Mathematical Neuron - Perceptron

Figure 3: Mathematical Neuron
Figure 3: Mathematical Neuron

Relation to Logistic Regression

  • What if we use the sigmoid function as the activation?

    \[ f(x) = \sigma(w^Tx) \]

Multi-layer Perceptron (MLP)

  • We need more neurons and we need to connect them together!
    • Many ways to do that…
    • Today: multi-layer perceptron/fully connected feed-forward network.

MLP Example

Figure 3: Multilayer Perceptron
Figure 3: Multilayer Perceptron

Activation Functions

  • Different activation functions have different impact on the behaviour of the neuron.
Figure 4: Activation Functions
Figure 4: Activation Functions

Deep Neural Network

Figure 5: Simple vs. Deep Neural Networks
Figure 5: Simple vs. Deep Neural Networks

More about MLPs

  • Many choices for the activation function: Sigmoid, Tanh, ReLU, Softmax, etc.
  • Many choices for the number of hidden layers and the number of neurons per layer.
  • MLPs can approximate any continuous function given enough data.
  • MLPs can overfit, but we know many effective ways of regularization.

Deep Learning

  • What does deep learning mean?
    • Deep: Neural network architectures with many hidden layers.
    • Learning: Optimizing model parameters given a dataset.
  • In general, the deeper the model is, the more parameters we need to learn and the more data is needed.

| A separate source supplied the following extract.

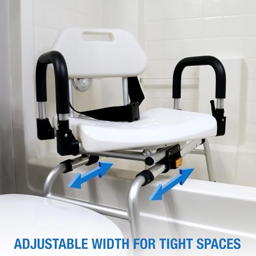 Platinum Health Carousel Sliding Shower Chair Tub Transfer Bench with Swivel Seat, Premium Padded, Pivoting Arms, Adjustable Sp...
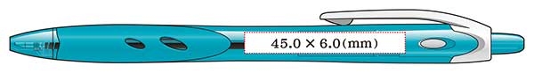 名入れ可能範囲は最大45.0×6.0mmとなりますが、印刷可能範囲全面に天地(上下)6.0mmで印刷しますと 軸の細い部分の名入れが多少歪む事がありますので、その場合は天地5.5mmくらいを目安に作成いただくのがお勧めです。 名入れ位置の中央から向かって左側にかけては軸が細くなりますので、天地(上下)を6.0mm使うような 細かいロゴは、より綺麗に名入れが映える中央から向かって右側への配置をお勧めしております。

Large-scale Machine Learning

  • For deep learning systems to perform well, large datasets are required
    • COCO 330K images
    • ImageNet 14 million images
  • Challenges:
    • Memory limitation: GeForce RTX 2080 Ti has 11 GB memory, while ImageNet is about 300 GB.
    • Computation: Calculating gradients for the whole dataset is computationally expensive (slow), and we need to do this many times.

Stochastic Gradient Descent

  • Idea: Instead of calculating the gradients from the whole dataset, do it only on a subset.
    • Randomly select \(B\) samples from the dataset
    • The loss for this subset

    \[ \hat{J}(w) = \frac{1}{B} \sum^{B}_{i=1} ||y_i - \hat{y_i}||^2 \]

    • Update Rule:

    \[ \text{Repeat\{} \\ \: w_{\text{new}} = w - \alpha \nabla \hat{J}(w) \\ \text{\}} \]

  • This gives a noisy gradient:

    \[ \nabla \hat{J}(w) = \nabla J(w) + \epsilon \]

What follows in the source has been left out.